Another important quality of the pulse is its hardness or compressibility. The hard pulse ordinarily, though not always, indicates inflammation. This hard pulse may be known by pressing pretty hard with one finger, while we observe with the others whether we arrest or abolish the pulse.
A pulse is said to be full or large if it is felt to strike a large portion of the finger; other departures from the normal standard are spoken of as soft, quick, or sharp, throbbing, bounding, thready, wiry, flickering, &c.
OF THE TEMPERATURE.
The normal standard of the temperature of a healthy person is 98.4°. There is some variation, and indeed a daily cycle of variations, so that in the morning it is 99 or at least 98½ and in the evening 97½, but the range is small, and if the variation is more than that, it is indicative of disease. There is only a deviation of about 15° within which life can be sustained; a temperature of more than 107° or less than 93° will almost certainly prove fatal.

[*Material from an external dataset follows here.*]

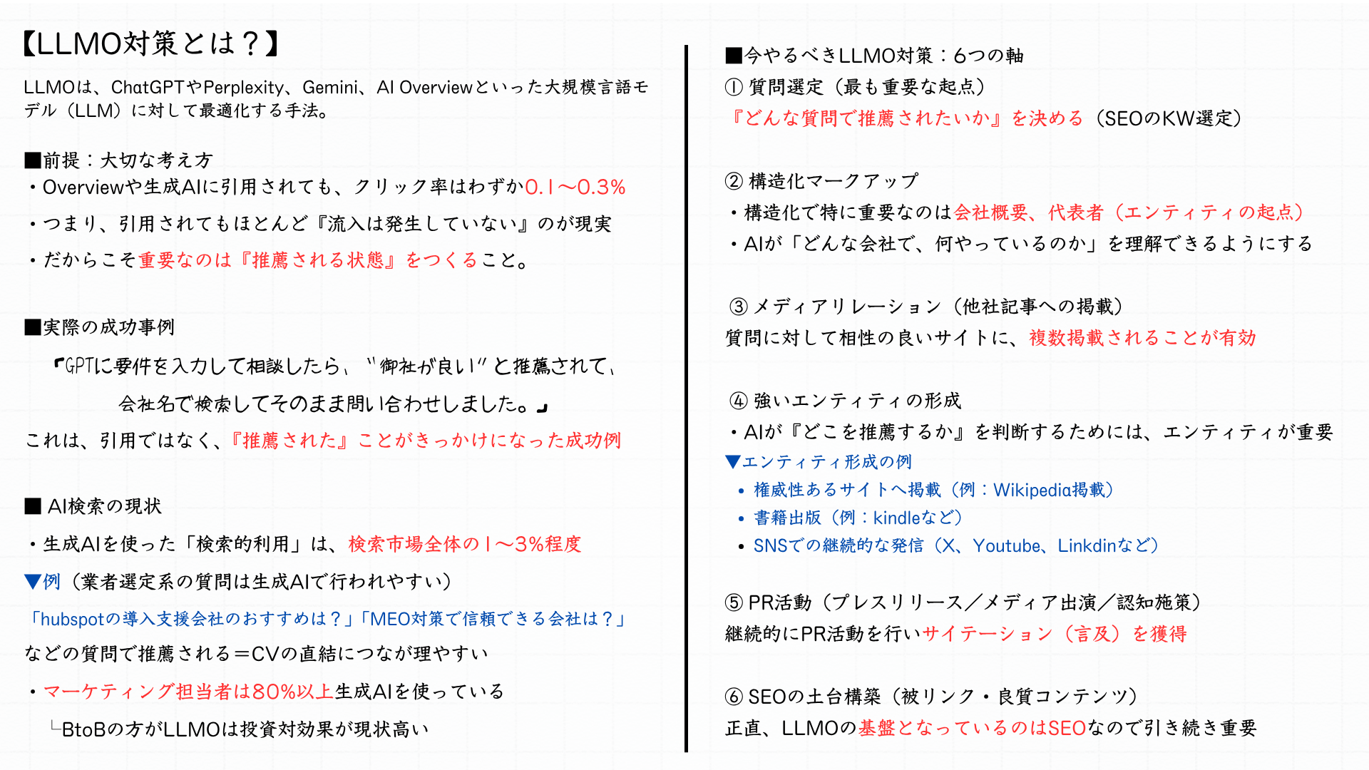 LLMOは単なるSEOの延長ではなく「どんな質問にどう推薦されるか?」という情報設計や裏側のロジックの研究がとても大事になります。

Every mother who can, as well as every nurse, ought to own a clinical thermometer, as thereby she may detect the beginning of a disorder before there are other marked signs of indisposition. She should use it upon the first suspicion of a departure from health and frequently afterwards, until she knows that the temperature is normal. An increase, especially if beginning each day a little earlier, is a bad indication; a decrease from a high temperature each day is a sign of improvement. In pneumonia and generally in such disorders as are initiated with a chill, the rise is sudden and rapid.
In typhoid and some other fevers, the elevation is slight at first and gradually rises. The exacerbations and remissions or other deviations can only be recognized by taking the temperature frequently, and it should be taken at the same hour each day to exhibit the cycle of changes.
An irregularity of temperature in the course of a disease that has a regular type may indicate a complication, or it may depend upon local causes, such as constipation, bad air, &c. The decline of fever and of temperature may be gradual, or it may drop to a steady normal within a few hours.
Before using the thermometer the index must be thrown down to a point below the normal. Hold it with the bulb down and shake till it falls sufficiently.
The part (the axilla) should not have been exposed for washing for at least half an hour before taking the temperature, and it is a good precaution to keep the axilla (or mouth) closed for ten minutes before putting the bulb of the thermometer into it, and a little time may be saved by slightly warming the bulb in the hand before its introduction. If we are careful and see that the axilla is first dried from perspiration, and that the clothing is not in the way, and that the thermometer is held firmly in position a sufficient time, we may get a correct axillary temperature, unless in a very emaciated person. If taken in the mouth the lips must be closed during the process.
The rectum gives the most reliable temperature, and this method is employed for infants. The thermometer should be oiled and introduced for about two inches. Unless the presence of feces prevent, the thermometer will be half a degree higher than if taken in the axilla. It will sometimes take ten minutes or more to obtain the temperature, but some thermometers will do the work in less than five minutes.